The more I use jackfruit, I think of it less of a meat analog and more of a textural element that pairs perfectly with crisp and fresh complimentary ingredients. Here I've used heavily seasoned jackfruit as a soft taco filling, and garnished it with radishes, carrots and watercress, then finished it off with a rich, cilantro-laced sauce. Everything here tastes clean and vibrant, and can be completely prepped ahead of time (and easily doubled or tripled) to create an easy, low-maintenance meal for guests or just for two. 

INGREDIENTS
for the sauce
6 oz. Tofutti sour cream (1/2 container)
2 tsp tahini
1/2 cup cilantro, chopped
1 tsp apple cider or coconut vinegar

for softening the jackfruit
2, 20 oz. cans of jackfruit in water or brine (this can be found in most Asian markets or online)
3 cups vegetable broth (more or less, to ensure the jackfruit is completely submerged)
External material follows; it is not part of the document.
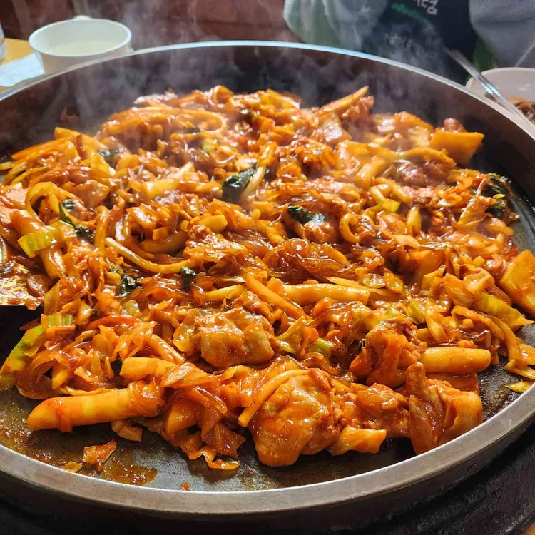 Saat harga ayam lebih murah dari daging babi, masyarakat mulai memasak ayam berbumbu gochujang (pasta cabai) di atas wajan datar besar (teppan).
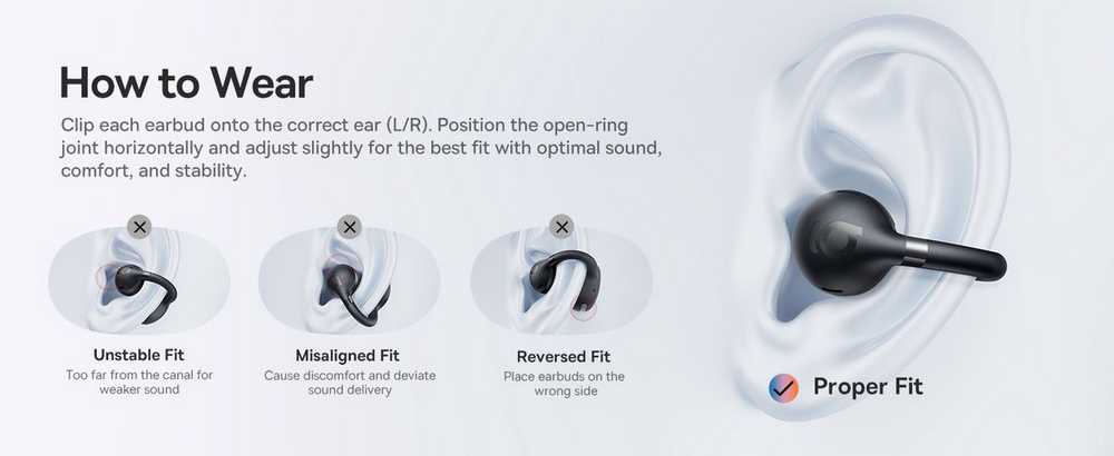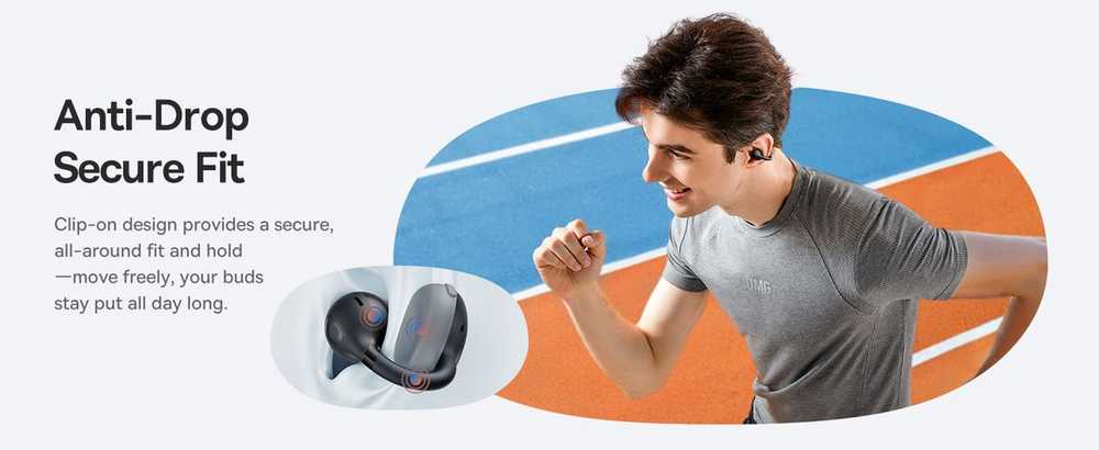 • S ergonomskom kopčom s tri luka i fleksibilnim TPU C-prstenom, otvorene slušalice Baseus Bass BC1 pružaju nježno, ali stabilno držanje koje se prilagođava različitim oblicima ušiju

for the seasoning and baking the jackfruit
1, 1 oz. packet of pre-made taco seasoning
olive oil, for greasing the baking sheet

to serve
soft tortillas
watercress, lettuce or mache
radishes, sliced thinly or on a mandoline
sliced carrots
fresh cilantro
lime wedges
sliced Thai chilis

METHOD
To make the sauce, combine all of the sauce ingredients in a blender and puree until smooth. Transfer to a container and allow to chill.

To soften the jackfruit, place it into a crockpot with the broth. Cook over high heat for about 2 hours. Remove the jackfruit from the broth* and allow it to slightly cool, then gently break it into flakey pieces with a fork. Any tough ends can be cut up into smaller pieces with a knife and the seeds can be discarded.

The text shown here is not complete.